● Study material
★ ★ ★ ★ ★

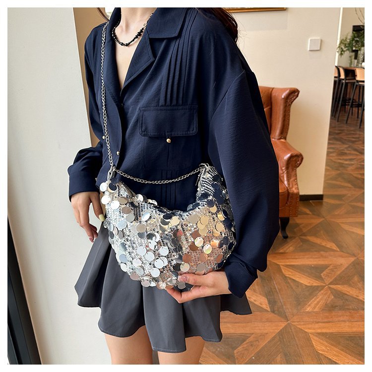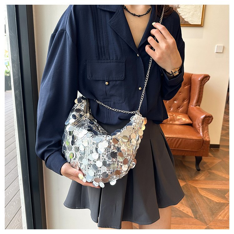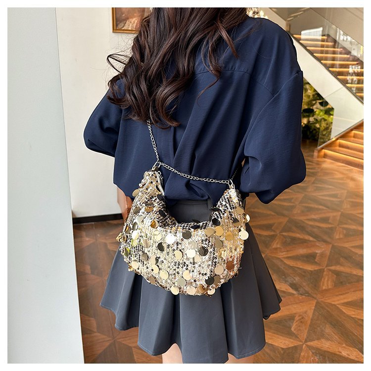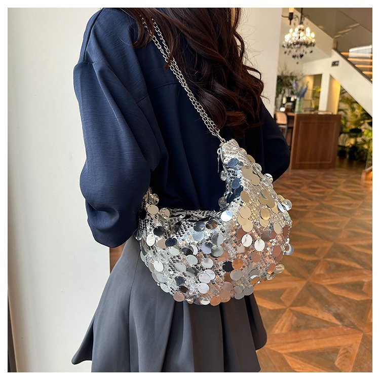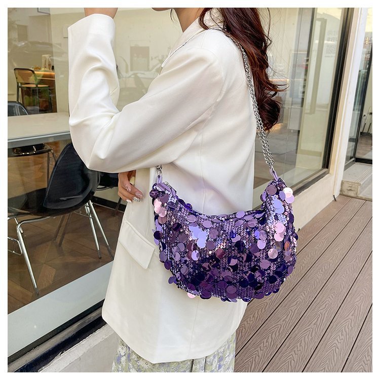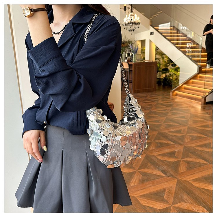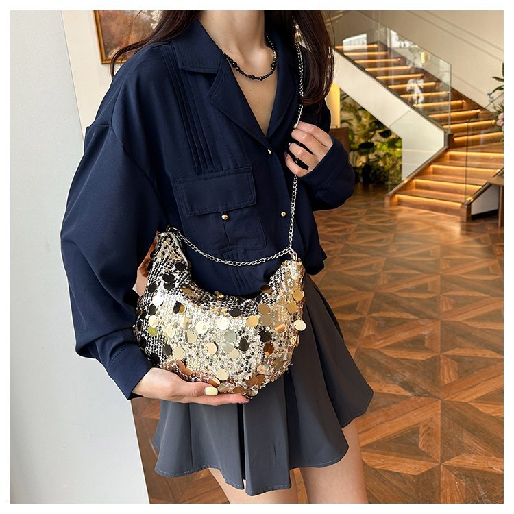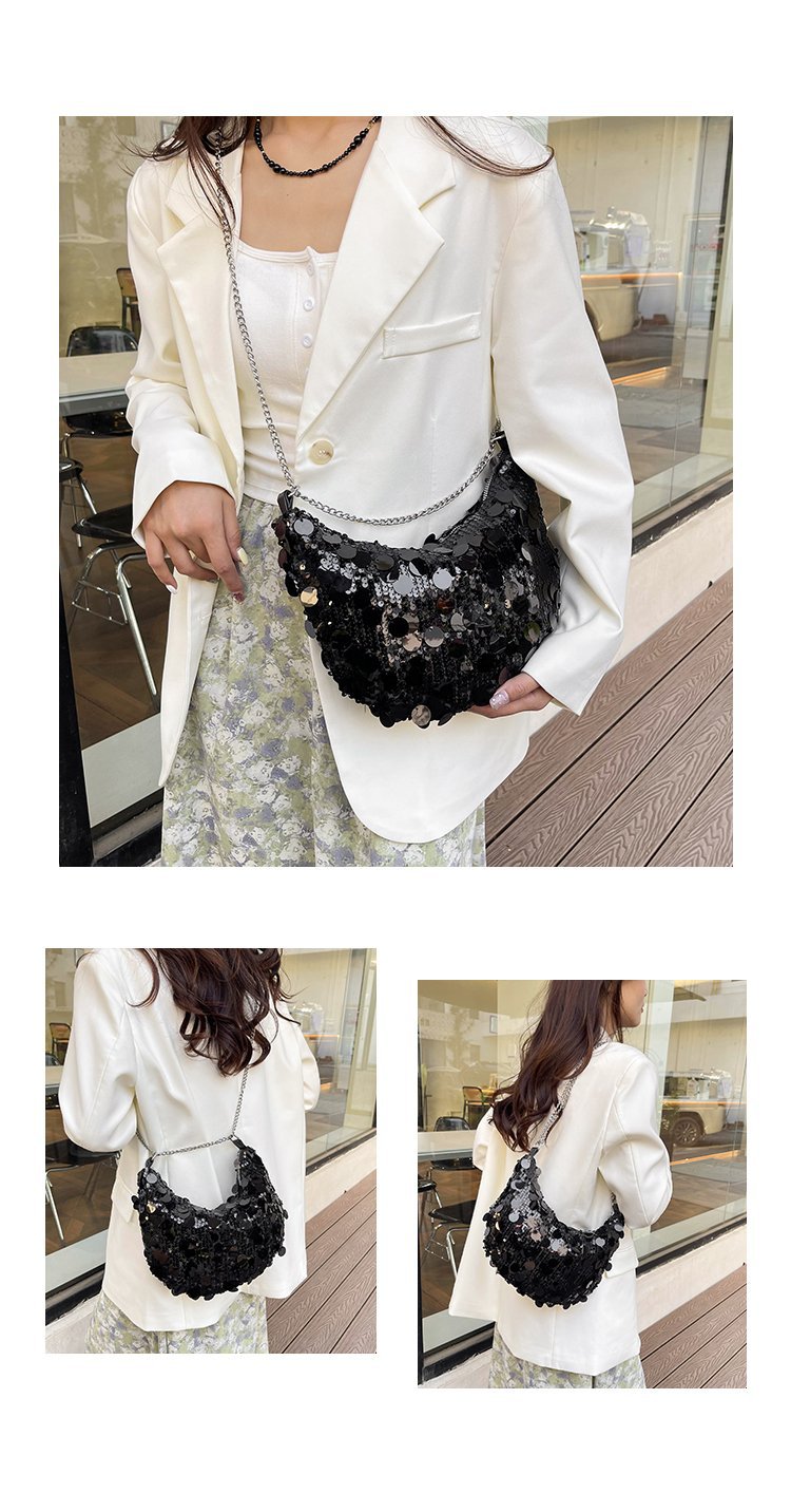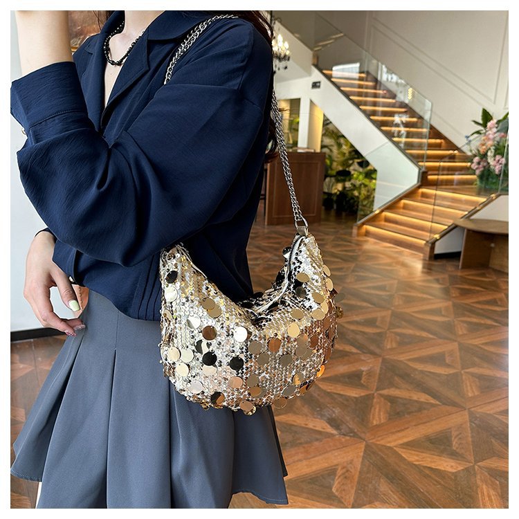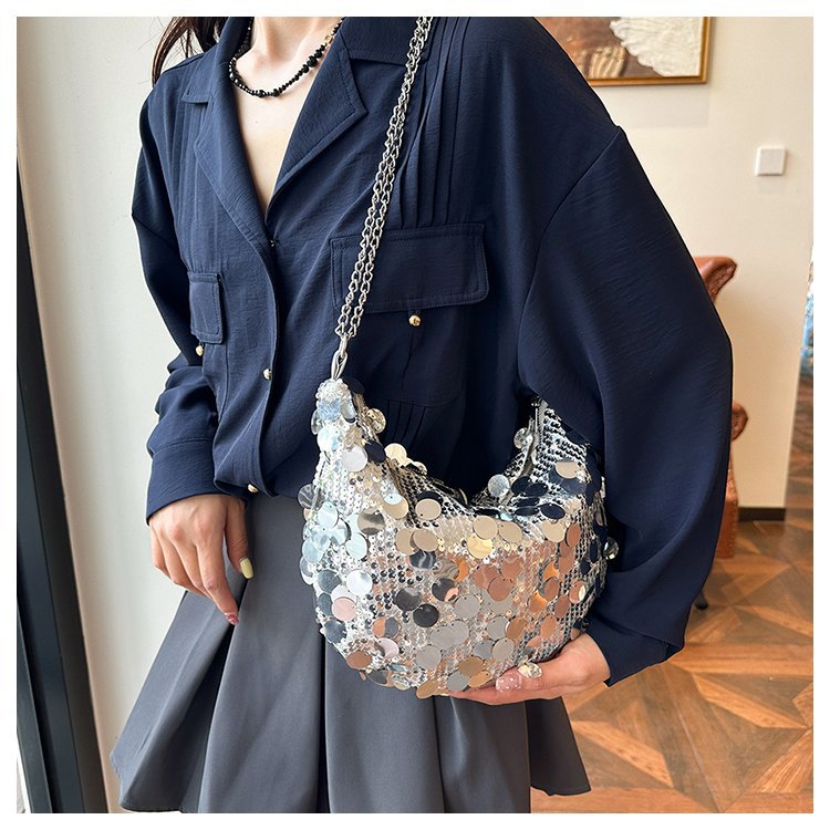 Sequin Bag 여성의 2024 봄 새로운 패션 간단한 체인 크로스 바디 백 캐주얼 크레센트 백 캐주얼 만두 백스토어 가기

★ ★ ★ ★ ★

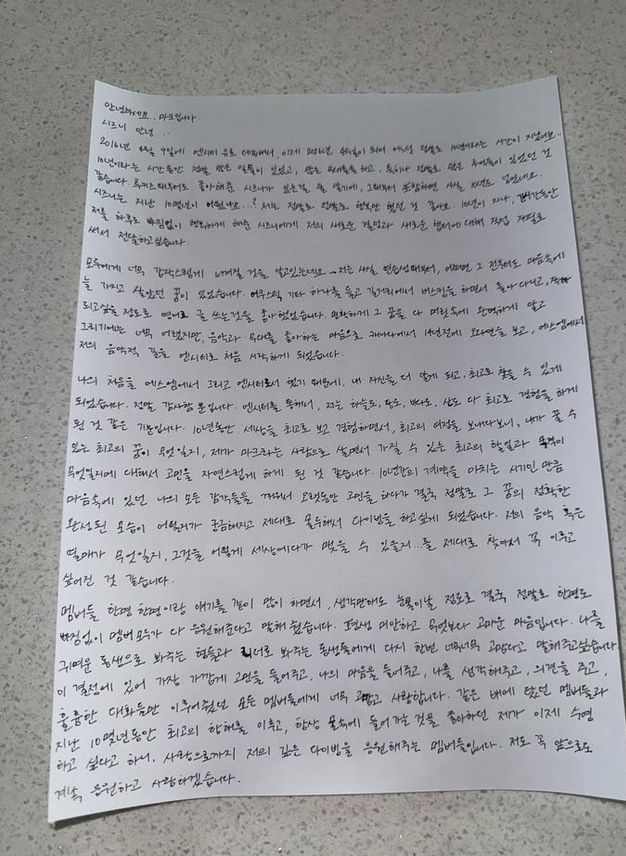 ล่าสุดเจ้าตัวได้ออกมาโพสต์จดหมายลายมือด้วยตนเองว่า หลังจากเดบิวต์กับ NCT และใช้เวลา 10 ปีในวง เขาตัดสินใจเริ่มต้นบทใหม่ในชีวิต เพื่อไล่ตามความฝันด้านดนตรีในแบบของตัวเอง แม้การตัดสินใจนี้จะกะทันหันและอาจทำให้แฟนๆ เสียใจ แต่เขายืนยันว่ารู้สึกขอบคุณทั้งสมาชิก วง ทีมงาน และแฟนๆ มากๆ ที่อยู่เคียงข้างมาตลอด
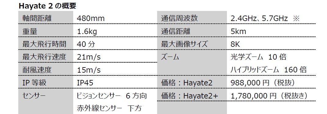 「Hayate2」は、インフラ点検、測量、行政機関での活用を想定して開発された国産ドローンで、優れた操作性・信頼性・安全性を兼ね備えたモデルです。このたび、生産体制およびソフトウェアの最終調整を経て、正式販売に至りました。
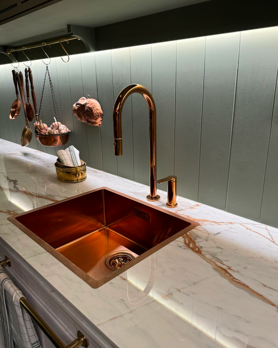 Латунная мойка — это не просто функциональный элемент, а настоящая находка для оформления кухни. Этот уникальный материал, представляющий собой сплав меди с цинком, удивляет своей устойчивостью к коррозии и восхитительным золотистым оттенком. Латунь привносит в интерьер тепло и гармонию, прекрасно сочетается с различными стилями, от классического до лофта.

★ ★ ★ ★ ★

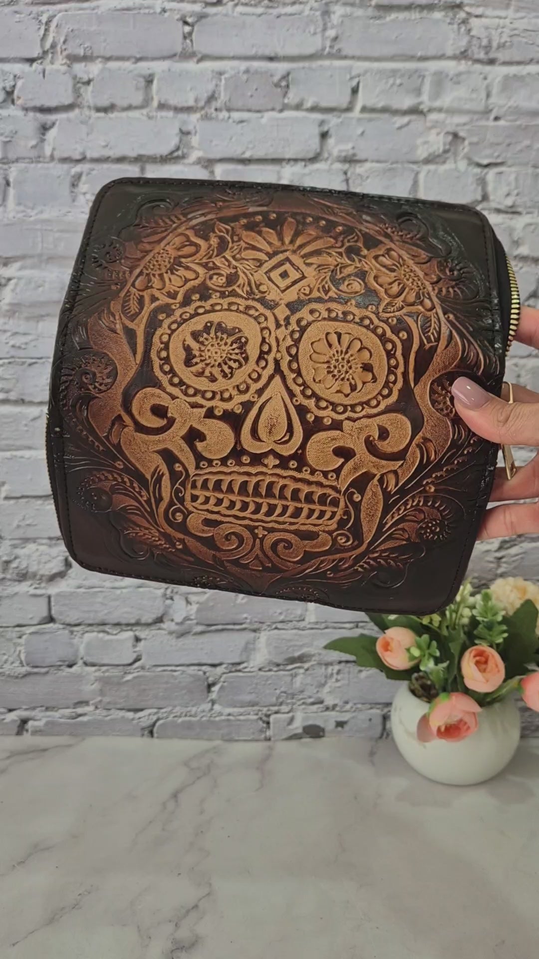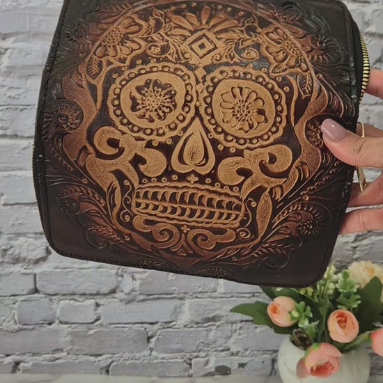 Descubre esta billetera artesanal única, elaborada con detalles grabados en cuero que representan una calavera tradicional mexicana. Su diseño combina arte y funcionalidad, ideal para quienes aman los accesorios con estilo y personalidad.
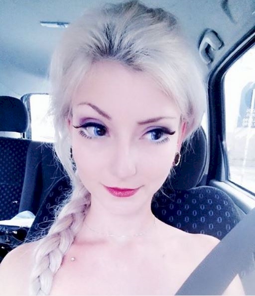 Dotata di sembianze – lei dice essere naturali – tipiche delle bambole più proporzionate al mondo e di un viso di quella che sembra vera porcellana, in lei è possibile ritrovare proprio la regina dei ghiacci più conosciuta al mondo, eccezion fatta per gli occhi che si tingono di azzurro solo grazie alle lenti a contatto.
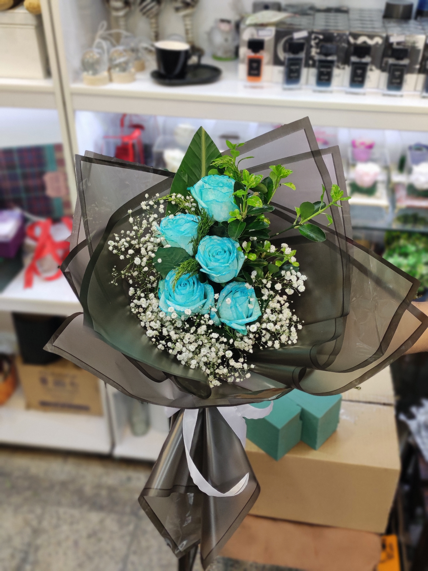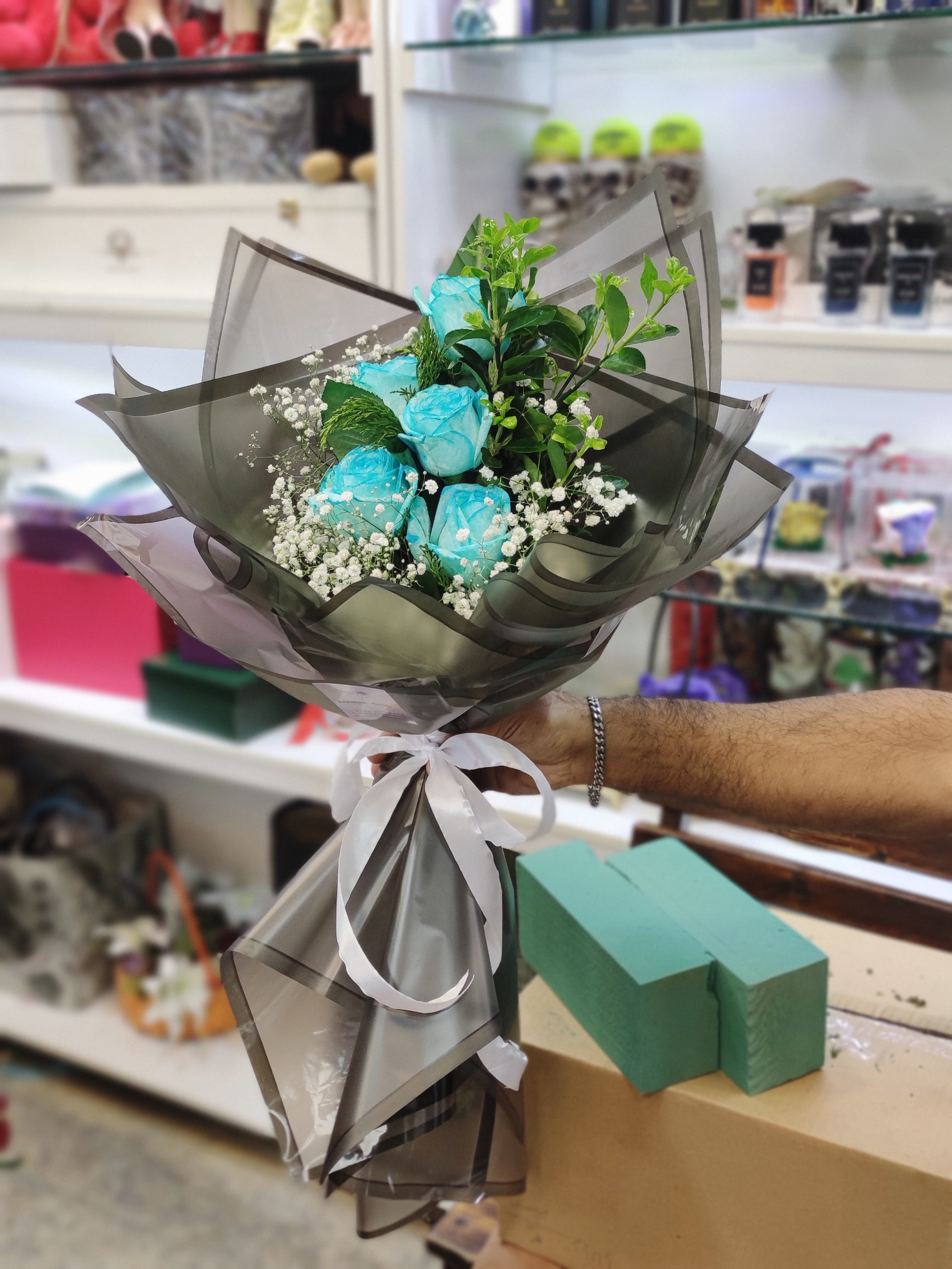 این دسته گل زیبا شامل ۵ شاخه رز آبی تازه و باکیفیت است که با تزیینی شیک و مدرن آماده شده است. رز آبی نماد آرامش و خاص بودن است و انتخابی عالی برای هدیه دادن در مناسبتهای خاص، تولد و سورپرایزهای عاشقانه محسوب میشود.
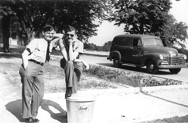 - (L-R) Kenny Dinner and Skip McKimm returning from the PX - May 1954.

★ ★ ★ ★ ★

Return exactly the stretch above whose first line contains "Descubre esta billetera" and whose last line contains "- (L-R) Kenny", and nothing outside it. The pictures should not appear.

 Descubre esta billetera artesanal única, elaborada con detalles grabados en cuero que representan una calavera tradicional mexicana. Su diseño combina arte y funcionalidad, ideal para quienes aman los accesorios con estilo y personalidad.
 Dotata di sembianze – lei dice essere naturali – tipiche delle bambole più proporzionate al mondo e di un viso di quella che sembra vera porcellana, in lei è possibile ritrovare proprio la regina dei ghiacci più conosciuta al mondo, eccezion fatta per gli occhi che si tingono di azzurro solo grazie alle lenti a contatto.
 این دسته گل زیبا شامل ۵ شاخه رز آبی تازه و باکیفیت است که با تزیینی شیک و مدرن آماده شده است. رز آبی نماد آرامش و خاص بودن است و انتخابی عالی برای هدیه دادن در مناسبتهای خاص، تولد و سورپرایزهای عاشقانه محسوب میشود.
 - (L-R) Kenny Dinner and Skip McKimm returning from the PX - May 1954.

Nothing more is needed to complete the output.